Proportional representation minimizes wasted votes and best represents public opinion (with the possible exception of reweighted range voting, which we can’t really forecast because it uses more expressive information than what polls currently provide). It is thus to be preferred. Relative to the current system, proportional representation would decrease the representation of Republicans relative to Democrats by 24 seats—over 5% of the entire House.

Thus, let us not speak of gerrymandering as a “both sides” sort of problem. There is a very clear pattern here: Gerrymandering systematically favors Republicans.

Yet this does not answer the question I posed: How do we actually fix this?

The answer is going to sound a bit paradoxical: We must motivate voters to vote more so that voters will be better represented.

I have an acquaintance who has complained about this apparently paradoxical assertion: How can we vote to make our votes matter? (He advocates using violence instead.)

But the key thing to understand here is that it isn’t that our votes don’t matter at all—it is merely that they don’t matter enough.

If we were living in an authoritarian regime with sham elections (as some far-left people I’ve spoken to actually seem to believe), then indeed voting would be pointless. You couldn’t vote out Saddam Hussein or Benito Mussolini, even though they both did hold “elections” to make you think you had some voice. At that point, yes, obviously the only remaining choices are revolution or foreign invasion. (It does seem worth noting that both regimes fell by the latter, not the former.)

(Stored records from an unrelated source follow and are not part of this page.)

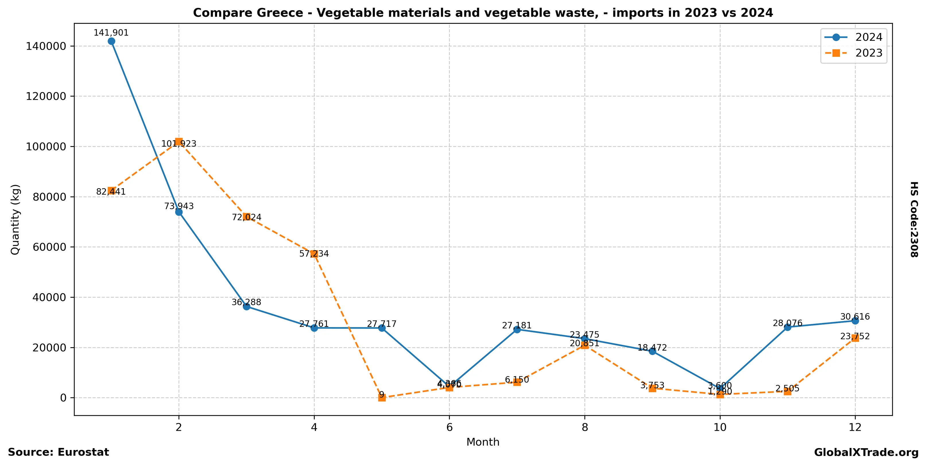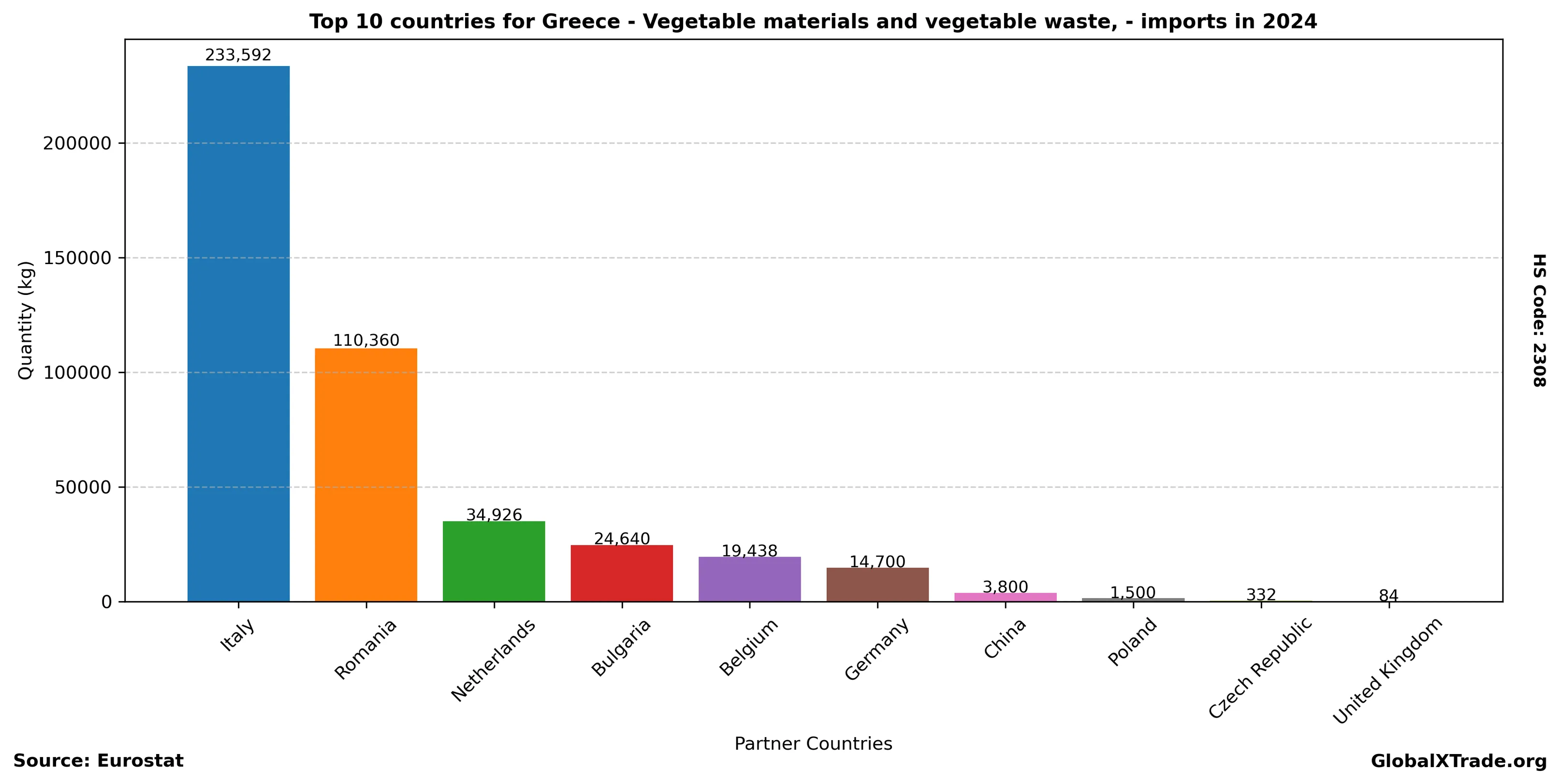 Greece “Vegetable materials and vegetable waste,” Imports in 2024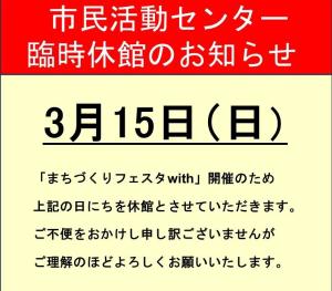 【3/15(日)】市民活動センター臨時休館のお知らせ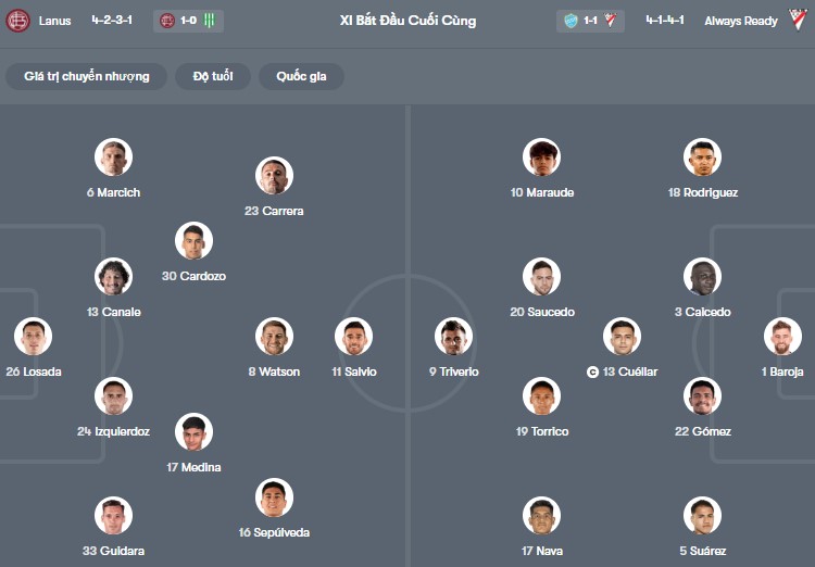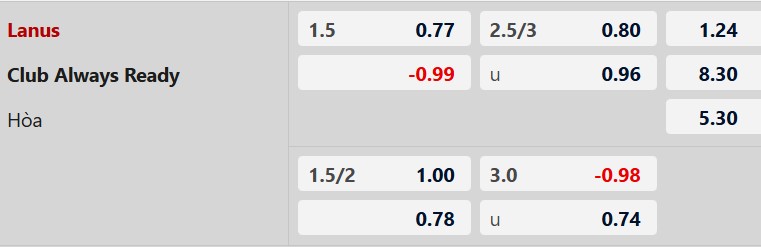 Mức chấp 1 1/2 cho thấy Lanus được đánh giá cao hơn rõ rệt. Với lợi thế sân nhà cùng chất lượng đội hình tốt hơn, đại diện Argentina hoàn toàn có khả năng giành chiến thắng cách biệt. Always Ready khó tạo nên bất ngờ khi phải thi đấu xa nhà.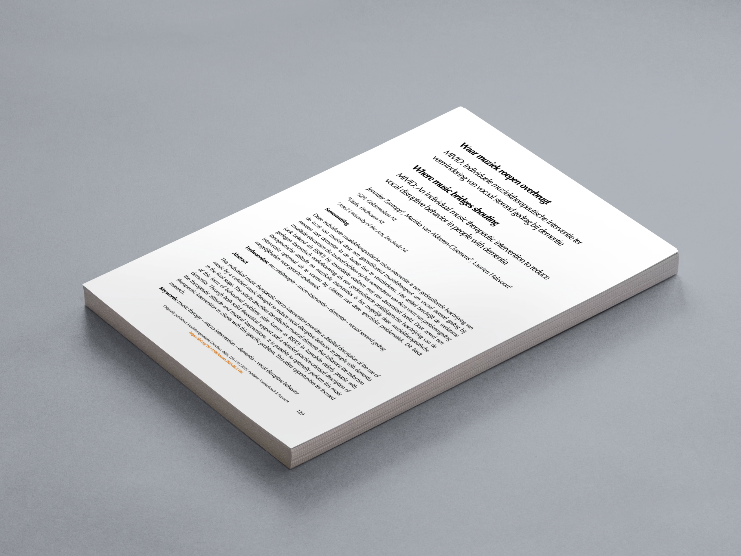 In samenwerking met Laurien Hakvoort hebben zij de micro-interventie nu ook uitgewerkt tot een publicatie in het Musiktherapeutische Umschau.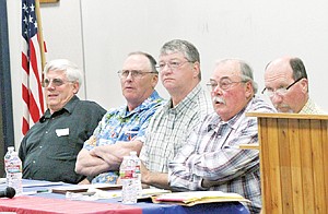 Scott Brandos, left, David Brandt, Dawain Burgess, Gilbert Cate and Mike Cole (Lincoln County Commissioner candidates)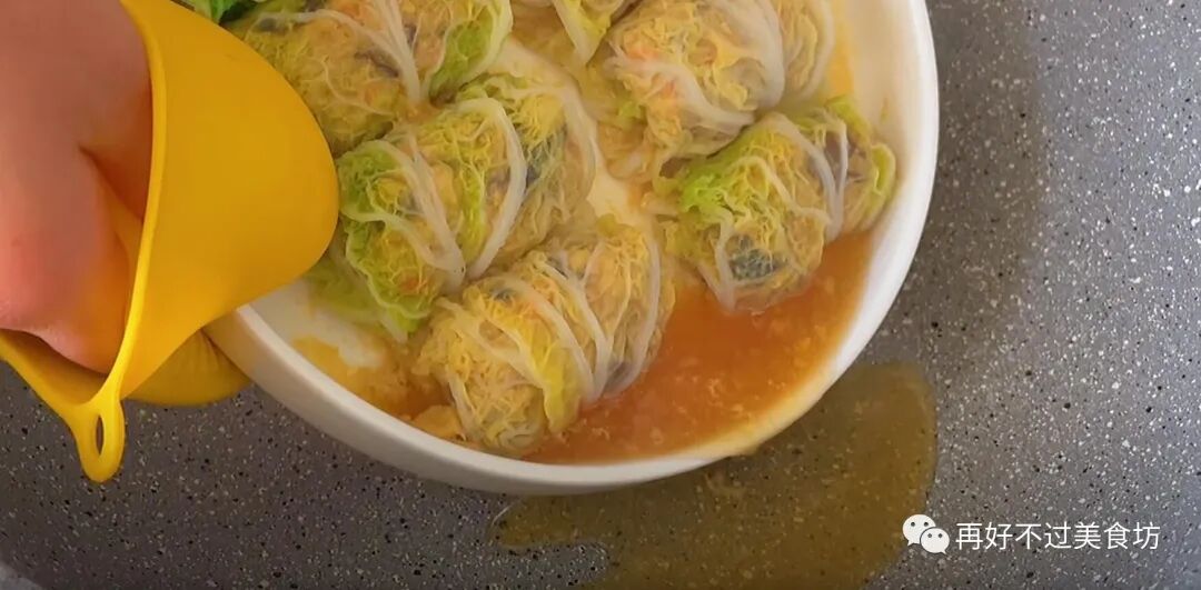 13、把芡汁再给它淋到白菜上面,这样做的白菜卷口味比较清淡,不油腻,一层比一层香,即使上火吃了也没问题,做法非常简单,喜欢的话可以收藏起来试一下。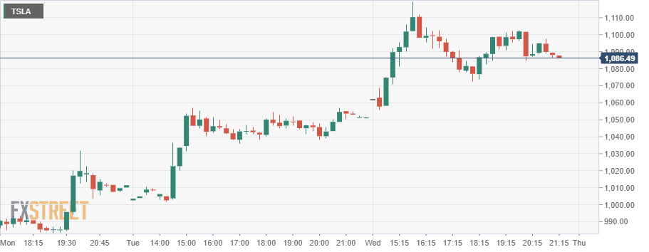 - Tesla stops just at the $1,120 resistance level.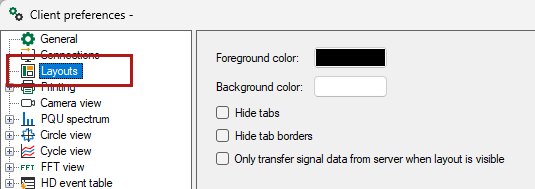 You can define the basic properties of layouts, such as foreground and background color in the layout tree, on the new Layouts node in the client preferences. Consequently, these properties will be applied automatically to new layouts.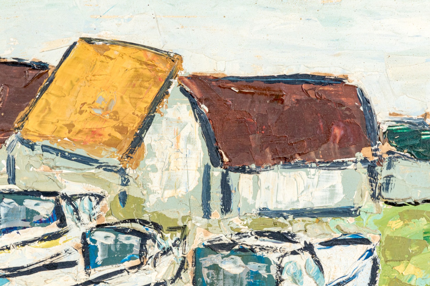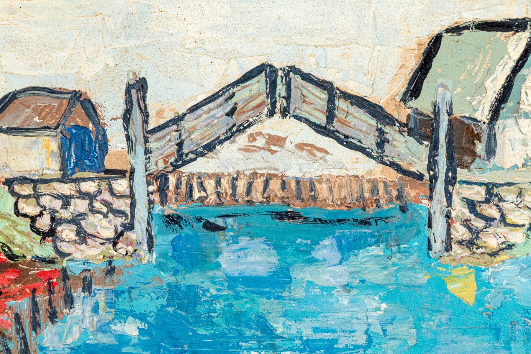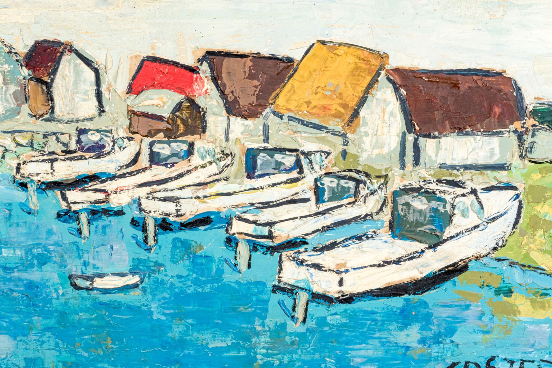 Brightly colored palette, with boats in a harbor tied off at the dock. Painted with impasto for a wonderful textural effect.

The US has not fallen that far just yet.

Votes in the US do not count evenly—but they do still count.

We have to work harder than our opponents for the same level of success, but we can still succeed.

Our legs may be shackled to weights, but they are not yet chained to posts in the ground.

Indeed, several states in this very election passed referenda to create independent redistricting commissions, and Democrats have gained at least 32 seats in the House—“at least” because some states are still counting mail-in ballots or undergoing recounts.

The one that has me on the edge of my seat is right here in Orange County, which several outlets (including the New York Times) have made preliminary projections in favor of Mimi Walters (R) but Nate Silver is forecasting higher probability for Katie Porter (D). It says “100% of precincts reporting”, but there are still as many ballots uncounted as there are counted, because California now has almost twice as many voters who vote by mail than in person.

Unfortunately, some of the states that are most highly gerrymandered don’t allow citizen-sponsored ballot initiatives (North Carolina, for instance). This is likely no coincidence. But this still doesn’t make us powerless. If your state is highly gerrymandered, make noise about it. Join or even organize protests. Write letters to legislators. Post on social media. Create memes.
Even most Republican voters don’t believe in gerrymandering. They want to win fair and square. Even if you can’t get them to vote for the candidates you want, reach out to them to get them to complain to their legislators about the injustice of the gerrymandering itself. Appeal to their patriotic values; election manipulation is clearly not what America stands for.

If your state is not highly gerrymandered, think bigger. We should be pushing for a Constitutional amendment implementing either proportional representation or algorithmic redistricting. The majority of states already have reasonably fair districts; if we can get 2/3 of the House and 2/3 of the Senate to agree on such an amendment, we don’t need to win North Carolina or Mississippi.